One of the main reasons why I try to avoid getting into some personal ish on this blog, is because my stories are more embarassing than funny. You know those memories you recall, even two years later, that still make you cringe and blush?
Yaa I got plenty of those, YOLO.
Today, we’re going to talk about my vibrator.
And how he found his way into my life, and came to be my best friend (jk…?). I know Farrah advocated “Practice Makes Perfect” but for me its not practice anymore, FUCK THAT, its how I deal with not getting any– for a while– and not putting out too quickly. Yeah, I said it– women are like men (clearly if you couldn’t tell from S&F): if men think about sex every 6 seconds, women do every 10 seconds.
A lot of girls dont want to admit how sexual they are, or they havent even realized they are yet- but when they do, it becomes a little tricky. They start dealing with something called a nun-slut complex: you don’t know whether to let the ‘Nun’ in you rule ruthlessly, as it usually does, or let the ‘slut’ run wild.

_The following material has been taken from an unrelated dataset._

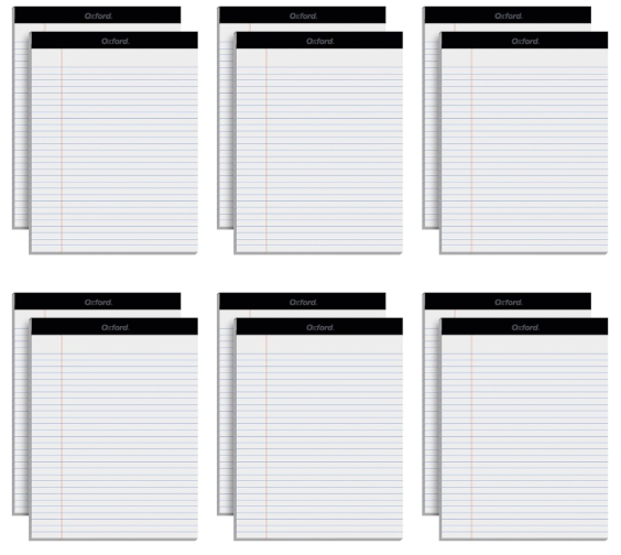 | Description: | Oxford 8.5" X 11" Wide Ruled, White Paper, 50-Sheets Legal Pads, 12-Pack | |||
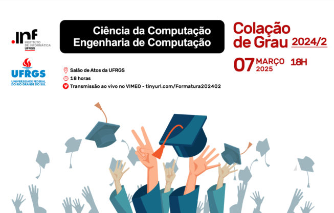 O Instituto de Informática da UFRGS celebra a conquista de seus estudantes com a realização das cerimônias de formatura dos cursos de Ciência da Computação (CIC) e Engenharia da Computação (ECP). A formatura de gabinete ocorreu no dia 25 de fevereiro e diplomou 22 alunos. Já a cerimônia solene acontecerá nesta sexta-feira, 7 de março, às 18h, no Salão de Atos da UFRGS.

Trust me, I’ve been there.
ANYWAY, back to my friend. I was always one of those girls that thought masturbation was weird/gross/unnecessary. I, naively, did not even think many girls did it…until I got to college. When I found out the girls in my sorority, that I never thought in a million years would be down with that, actually were…I was fascinated. I still didn’t buy into it initially, but I would hear my best friend’s stories, ‘how it relieved her stress’, how fantasizing was more fulfilling, etc…and I’d think: what would happen if I tried?

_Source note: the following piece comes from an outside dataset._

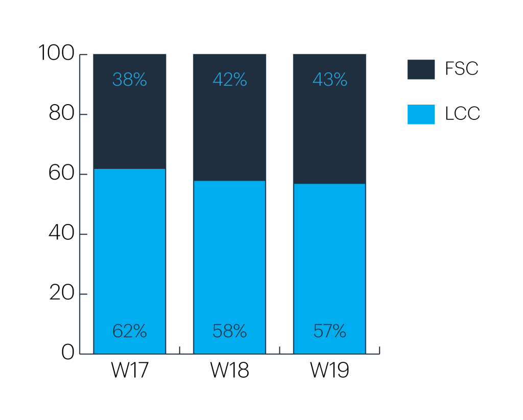 Já a distribuição LCC-FSC continua a trajectória de equilíbrio, com as companhias low-cost (LCC) a representarem 57% dos lugares disponíveis, contra 43% das companhias tradicionais (FSC). A tendência continua a vir da mão de aumentos de oferta mais elevados por parte das tradicionais, embora as de baixo custo também estejam a crescer.

After getting an earful for a year, my curiosity peaked…while I was in Iran.
One summer, staying at my grandparents’ house in Tehran, I found myself always alone, bored, and hot.
The weather clearly had a huge effect on my libido, because in the intense heat, while forcing myself to read some Agatha Christie novel, all I could think about was sex. My pent up sexual frustration had turned me into a hormonal male teenager, and so I decided to try what everyone raved about, and
I fucking saw stars.
Needless to say, I didn’t have the tools in Tehran, but it was a perfect introduction to my sexuality.
Nice to meet you, too.
Fast forward a few months later, where I was still releasing myself manually. All of my friends had ‘friends’ (vibrators – if you haven’t caught on yet). Long ones, thick ones, expensive ones, cheap ones, squiggly ones…bla bla bla. I wasn’t averse to getting a ‘friend’ BUT I couldn’t bring myself to purchase one on my own.

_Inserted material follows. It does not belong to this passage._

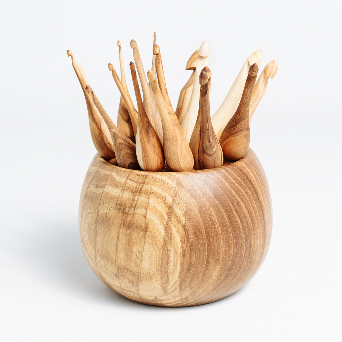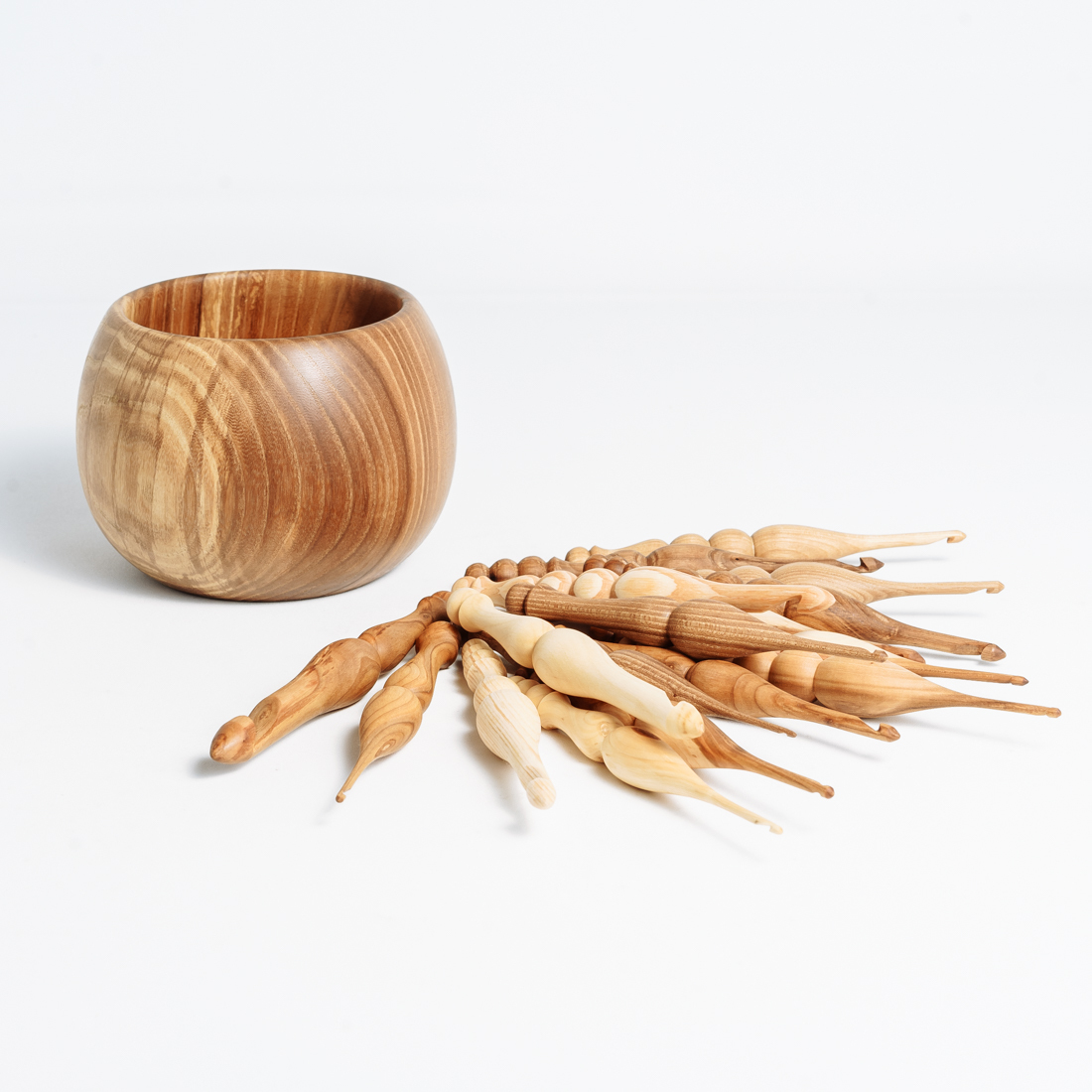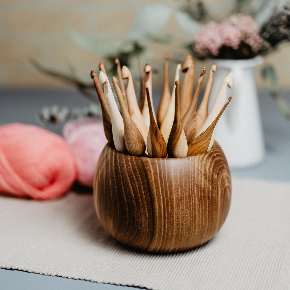 Вязальные крючки (17 шт) из разных пород древесины в комплекте с клубочницей.

Clearly my brother’s friend didn’t feel this shame, because he bought one for my straight BRO-y brother’s birthday. I guess buying sex toys is an inside joke for the immature. My brother laughingly told me this as he threw the vibrator into our garbage can. And took the trash out. He thought it was hilarious, but obviously couldn’t see a use for it.
Once my brother was out of sight, I ran outside my house, dug through the garbage (don’t JUDGE) and grabbed it. It was packaged of course, not a nasty tossed out vibrator–I SWEAR.
Thats how I met my friend. He can glow in the dark, and can take it slow or fast depending on my mood. He caters to me. He’s always sitting in the exact same spot, and until the Duracell AA’s die, he’s always very responsive.
This is why we’re besties.
I don’t really have a name for him, but I know he feels threatened when someone tries to replace him.
But that would never happen. My vibrator has really helped me-
a) release tension and frustration
b) get comfortable with my sexuality
c) understand what pleasure really is (aside from food)
I have yet to get very creative about the whole thing and explore the ‘realm of possibilities’, but for now it does the job, and I know this is going to be a preeetty long relationship :)
While you may not understand how necessary it is to have him, I guarantee you will understand when you become very frustrated with your sex life. and trust me, that day will come. Whether you fantasize about a crush, or Al Pacino as a coked-out Cuban gangster, you’ll start to get busy too…
So if you’re one of those girls who hasn’t joined the club yet, I really suggest you start getting comfortable with ‘down there’. Because it gets lonely, and needs friends too.